- **Work instruction**:
Only the lines below from the one that contains "潘玉良旅法四十餘年,於巴黎病" through the one that contains "ミサイルで敵を攻撃するしてる" should appear in your answer, exact and without pictures.

- **Provided records**:
Start of Block

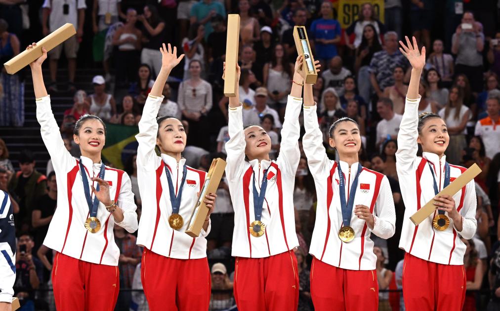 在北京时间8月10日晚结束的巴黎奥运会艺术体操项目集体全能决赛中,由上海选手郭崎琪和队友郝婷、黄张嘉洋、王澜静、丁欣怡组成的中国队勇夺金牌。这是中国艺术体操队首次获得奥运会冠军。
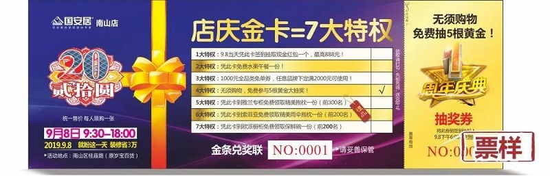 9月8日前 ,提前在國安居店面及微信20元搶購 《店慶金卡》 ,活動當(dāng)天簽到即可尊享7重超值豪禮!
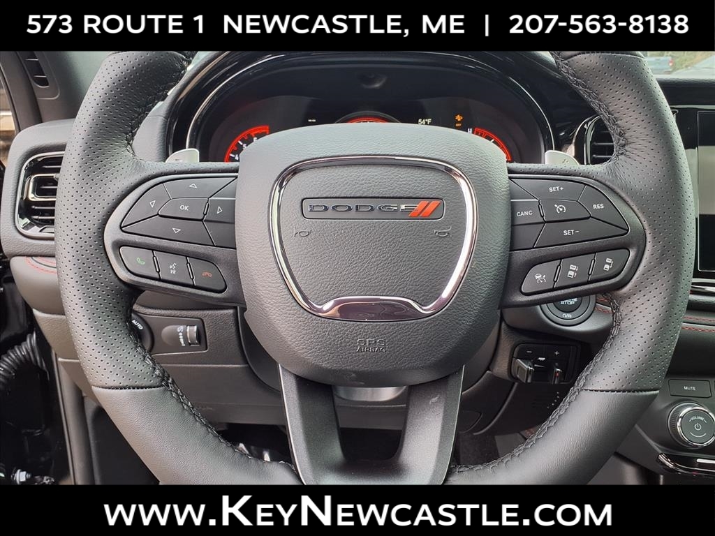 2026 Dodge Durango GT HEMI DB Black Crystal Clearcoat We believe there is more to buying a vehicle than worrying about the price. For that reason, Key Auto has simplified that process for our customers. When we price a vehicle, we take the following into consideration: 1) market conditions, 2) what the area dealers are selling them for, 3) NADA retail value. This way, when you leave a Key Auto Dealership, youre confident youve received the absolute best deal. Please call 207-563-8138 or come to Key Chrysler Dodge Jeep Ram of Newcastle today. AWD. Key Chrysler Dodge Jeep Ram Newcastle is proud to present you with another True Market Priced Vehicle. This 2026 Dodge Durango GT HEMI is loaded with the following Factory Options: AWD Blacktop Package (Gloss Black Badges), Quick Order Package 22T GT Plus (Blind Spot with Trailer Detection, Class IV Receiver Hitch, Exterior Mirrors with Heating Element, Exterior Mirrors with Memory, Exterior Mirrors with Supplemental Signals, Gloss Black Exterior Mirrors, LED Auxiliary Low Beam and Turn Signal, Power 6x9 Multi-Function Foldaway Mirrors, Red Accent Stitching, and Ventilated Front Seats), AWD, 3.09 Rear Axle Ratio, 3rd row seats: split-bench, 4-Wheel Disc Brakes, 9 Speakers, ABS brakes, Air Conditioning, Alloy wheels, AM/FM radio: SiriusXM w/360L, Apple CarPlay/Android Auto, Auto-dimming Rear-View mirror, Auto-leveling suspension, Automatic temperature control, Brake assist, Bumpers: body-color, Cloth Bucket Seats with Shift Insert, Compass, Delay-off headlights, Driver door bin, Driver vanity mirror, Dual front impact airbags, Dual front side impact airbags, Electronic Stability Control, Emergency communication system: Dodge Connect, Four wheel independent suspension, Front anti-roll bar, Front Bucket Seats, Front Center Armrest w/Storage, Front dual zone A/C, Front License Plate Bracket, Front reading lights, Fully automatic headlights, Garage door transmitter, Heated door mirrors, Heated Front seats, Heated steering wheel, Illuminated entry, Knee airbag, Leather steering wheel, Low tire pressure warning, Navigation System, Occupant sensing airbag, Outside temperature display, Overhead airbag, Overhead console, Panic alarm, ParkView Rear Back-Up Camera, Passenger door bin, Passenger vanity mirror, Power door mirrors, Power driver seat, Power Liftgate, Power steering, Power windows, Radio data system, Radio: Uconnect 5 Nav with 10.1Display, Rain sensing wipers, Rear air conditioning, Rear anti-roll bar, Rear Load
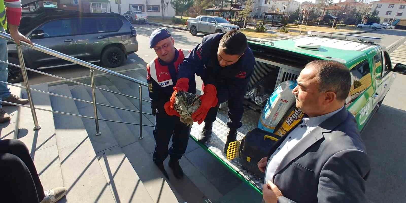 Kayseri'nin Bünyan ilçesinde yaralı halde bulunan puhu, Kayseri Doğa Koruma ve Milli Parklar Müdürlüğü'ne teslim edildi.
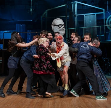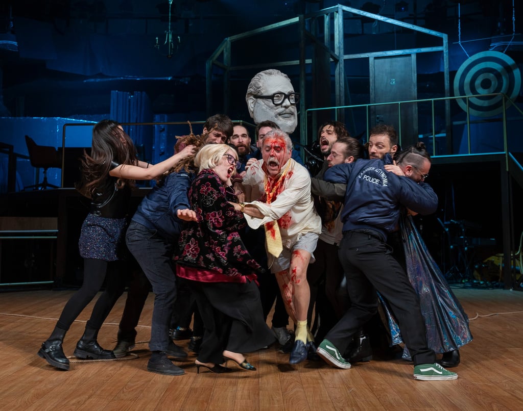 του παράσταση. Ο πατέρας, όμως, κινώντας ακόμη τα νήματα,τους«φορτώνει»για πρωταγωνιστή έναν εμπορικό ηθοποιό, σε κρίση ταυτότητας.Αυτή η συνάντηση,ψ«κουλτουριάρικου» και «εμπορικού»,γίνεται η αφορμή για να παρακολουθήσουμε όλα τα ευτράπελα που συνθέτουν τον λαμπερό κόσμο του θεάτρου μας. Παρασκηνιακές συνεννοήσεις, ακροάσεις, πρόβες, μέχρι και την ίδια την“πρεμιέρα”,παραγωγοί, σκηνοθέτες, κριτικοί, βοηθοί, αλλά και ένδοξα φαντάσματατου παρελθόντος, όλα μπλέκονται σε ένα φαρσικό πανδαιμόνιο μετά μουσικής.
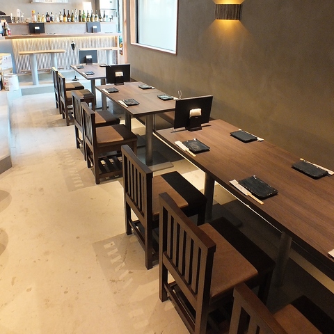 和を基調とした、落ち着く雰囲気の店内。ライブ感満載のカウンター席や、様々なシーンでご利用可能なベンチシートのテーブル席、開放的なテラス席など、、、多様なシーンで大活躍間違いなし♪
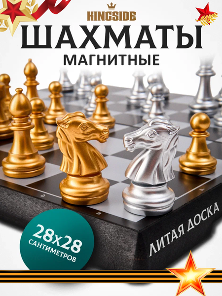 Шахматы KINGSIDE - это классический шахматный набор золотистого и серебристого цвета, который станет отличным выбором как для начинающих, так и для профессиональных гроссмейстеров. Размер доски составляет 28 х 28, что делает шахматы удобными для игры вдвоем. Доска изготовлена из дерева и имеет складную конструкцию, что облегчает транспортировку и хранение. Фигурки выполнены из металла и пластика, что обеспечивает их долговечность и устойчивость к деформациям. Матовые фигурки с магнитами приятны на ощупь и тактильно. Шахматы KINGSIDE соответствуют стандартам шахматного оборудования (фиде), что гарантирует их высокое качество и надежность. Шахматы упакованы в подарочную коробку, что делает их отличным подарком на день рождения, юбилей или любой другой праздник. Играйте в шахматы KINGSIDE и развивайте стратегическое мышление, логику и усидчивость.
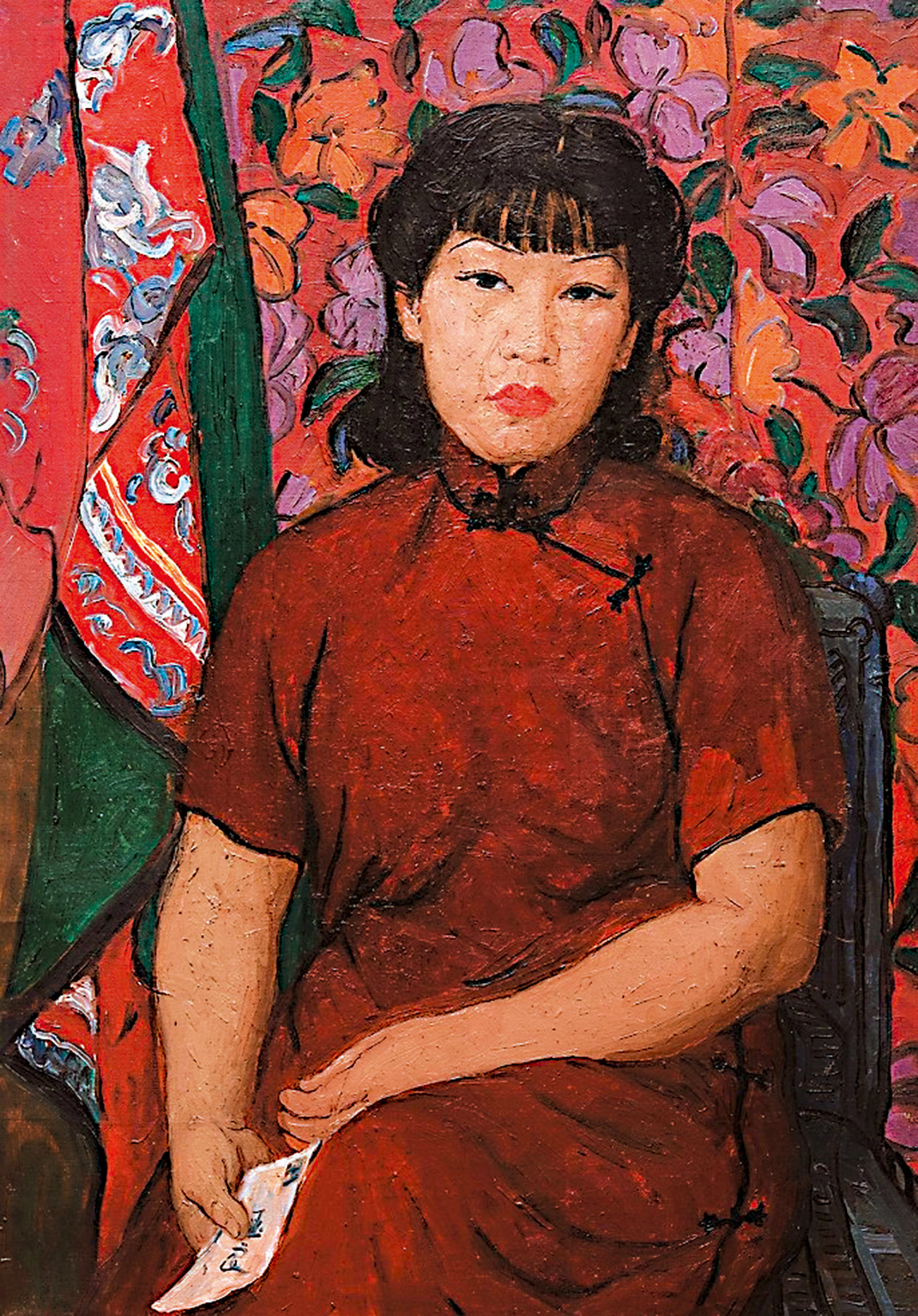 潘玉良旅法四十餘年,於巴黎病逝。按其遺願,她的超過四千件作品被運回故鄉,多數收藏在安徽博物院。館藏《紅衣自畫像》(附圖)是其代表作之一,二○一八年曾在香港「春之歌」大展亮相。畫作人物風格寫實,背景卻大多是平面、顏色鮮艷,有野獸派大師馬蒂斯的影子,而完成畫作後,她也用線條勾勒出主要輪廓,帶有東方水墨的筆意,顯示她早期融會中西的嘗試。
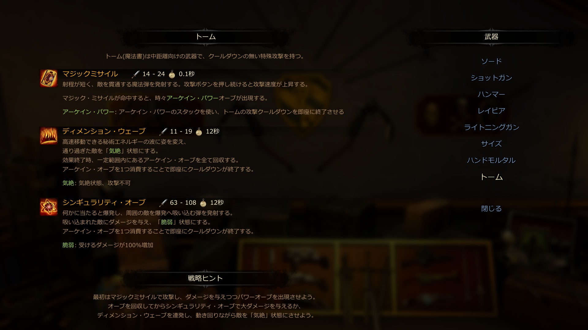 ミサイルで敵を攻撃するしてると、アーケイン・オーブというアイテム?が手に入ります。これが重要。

End of Block
Start of Block

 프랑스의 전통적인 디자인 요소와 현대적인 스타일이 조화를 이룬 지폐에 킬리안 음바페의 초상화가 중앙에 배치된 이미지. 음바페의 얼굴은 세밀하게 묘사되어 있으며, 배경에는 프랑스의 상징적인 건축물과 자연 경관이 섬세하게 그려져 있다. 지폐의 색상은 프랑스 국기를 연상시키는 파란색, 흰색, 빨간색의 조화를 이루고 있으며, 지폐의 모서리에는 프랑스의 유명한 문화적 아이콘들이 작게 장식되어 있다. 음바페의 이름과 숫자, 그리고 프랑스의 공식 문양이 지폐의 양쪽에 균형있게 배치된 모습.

End of Block
Start of Block

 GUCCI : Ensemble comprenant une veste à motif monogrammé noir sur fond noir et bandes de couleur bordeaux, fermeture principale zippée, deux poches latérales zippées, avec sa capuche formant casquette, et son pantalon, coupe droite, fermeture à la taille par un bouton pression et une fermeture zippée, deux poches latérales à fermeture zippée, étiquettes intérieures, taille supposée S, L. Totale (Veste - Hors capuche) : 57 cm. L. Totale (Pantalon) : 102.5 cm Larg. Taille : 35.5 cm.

End of Block

- **Answer for this exercise**:
 潘玉良旅法四十餘年,於巴黎病逝。按其遺願,她的超過四千件作品被運回故鄉,多數收藏在安徽博物院。館藏《紅衣自畫像》(附圖)是其代表作之一,二○一八年曾在香港「春之歌」大展亮相。畫作人物風格寫實,背景卻大多是平面、顏色鮮艷,有野獸派大師馬蒂斯的影子,而完成畫作後,她也用線條勾勒出主要輪廓,帶有東方水墨的筆意,顯示她早期融會中西的嘗試。
 ミサイルで敵を攻撃するしてると、アーケイン・オーブというアイテム?が手に入ります。これが重要。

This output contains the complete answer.